Entrevista

Monseñor Carlos Osoro: «La familia es el mejor antídoto contra la ideología de género»

El arzobispo de Madrid, que recibirá la birreta y el anillo cardenalicio el 19 de noviembre, asegura que el Papa Francisco «no tiene más enemigos que sus antecesores»

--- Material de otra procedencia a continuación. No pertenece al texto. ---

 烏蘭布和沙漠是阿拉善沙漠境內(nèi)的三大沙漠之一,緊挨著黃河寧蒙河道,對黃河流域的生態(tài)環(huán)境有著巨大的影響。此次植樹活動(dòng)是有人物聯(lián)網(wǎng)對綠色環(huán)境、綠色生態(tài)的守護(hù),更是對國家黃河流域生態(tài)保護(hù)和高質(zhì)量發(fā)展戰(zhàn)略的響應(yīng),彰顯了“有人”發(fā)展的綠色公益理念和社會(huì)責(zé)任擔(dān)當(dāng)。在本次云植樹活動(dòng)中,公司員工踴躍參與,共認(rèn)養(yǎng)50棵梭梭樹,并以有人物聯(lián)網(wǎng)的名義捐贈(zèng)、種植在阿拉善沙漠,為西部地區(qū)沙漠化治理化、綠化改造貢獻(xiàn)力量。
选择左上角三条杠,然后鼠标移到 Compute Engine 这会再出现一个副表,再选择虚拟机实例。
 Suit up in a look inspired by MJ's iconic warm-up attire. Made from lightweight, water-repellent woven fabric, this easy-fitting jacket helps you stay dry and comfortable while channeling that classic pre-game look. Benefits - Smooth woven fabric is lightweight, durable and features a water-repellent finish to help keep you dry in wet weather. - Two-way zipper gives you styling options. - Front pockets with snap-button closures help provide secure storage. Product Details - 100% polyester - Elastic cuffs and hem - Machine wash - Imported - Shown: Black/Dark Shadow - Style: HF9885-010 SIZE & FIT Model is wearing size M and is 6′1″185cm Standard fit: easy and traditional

El arzobispo de Madrid en un momento de la entrevista con ABC
El arzobispo de Madrid en un momento de la entrevista con ABC - Maya Balanya

Cuando llegó a Madrid en agosto de 2014 monseñor Carlos Osoro se presentó como «un obispo para todos» en una Iglesia en la que «nadie sobra». Desde entonces su labor al frente de la Archidiócesis ha sido la de hacer sitio para todos, compartiendo ese afán del Papa Francisco por fomentar una verdadera «cultura del encuentro».

Ese talante cercano y conciliador le ha valido al vicepresidente de la Conferencia Episcopal Española pasar a formar parte del círculo más estrecho del Santo Padre. El próximo 19 de noviembre en el Consistorio que cerrará el Año Santo de la Misericordia, el arzobispo de Madrid recibirá la birreta y el anillo cardenalicio. A partir de ese momento se integrará en el Colegio Cardenalicio que elige al Papa, en caso de celebrarse un cónclave.

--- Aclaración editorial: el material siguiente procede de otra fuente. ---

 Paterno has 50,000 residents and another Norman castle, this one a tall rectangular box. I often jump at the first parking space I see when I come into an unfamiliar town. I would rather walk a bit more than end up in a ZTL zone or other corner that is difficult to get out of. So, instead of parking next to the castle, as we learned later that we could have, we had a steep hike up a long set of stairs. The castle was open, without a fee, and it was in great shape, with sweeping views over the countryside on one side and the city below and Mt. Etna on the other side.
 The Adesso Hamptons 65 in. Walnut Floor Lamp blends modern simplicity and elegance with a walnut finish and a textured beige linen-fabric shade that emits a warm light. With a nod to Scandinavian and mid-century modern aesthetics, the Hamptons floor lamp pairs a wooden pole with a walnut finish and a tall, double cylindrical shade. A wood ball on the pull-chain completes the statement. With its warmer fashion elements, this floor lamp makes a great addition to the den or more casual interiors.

Pocos días después de conocer la noticia, monseñor Carlos Osoro recibe a ABC en el Palacio Arzobispal de Madrid para agradecer al Santo Padre su gesto de confianza y afirmar públicamente que llevará «la púrpura» siguiendo el ejemplo de los mártires: dispuesto a dar la vida por la Iglesia.

—Podemos afirmar que el Papa no tiene en cuenta las sedes cardenalicias para elegir a sus cardenales, ¿qué mensaje quiere transmitir Francisco a la Iglesia en España con su elección?

—Sinceramente, no soy ninguna persona especial. Hay gente incluso más sabia. No sé lo que el Papa ha visto en mí, pero agradezco a Dios y al Santo Padre el que me haya elegido para colaborar más estrechamente con él. Siempre he buscado entregarme de primera

«Me siento muy identificado con el Papa Francisco; con su forma de ser, de pensar, de acercarse a los hombres»

mano a nuestro Señor. No dar ideas, porque el Señor no es una idea, es una Persona. A veces cuesta separarse de posiciones que son ideológicas. No sólo me cuesta a mí, sino también a otras personas que quisieran que te pusieras en una posición. Yo estoy en la vida nada más que para entregarme a una Persona.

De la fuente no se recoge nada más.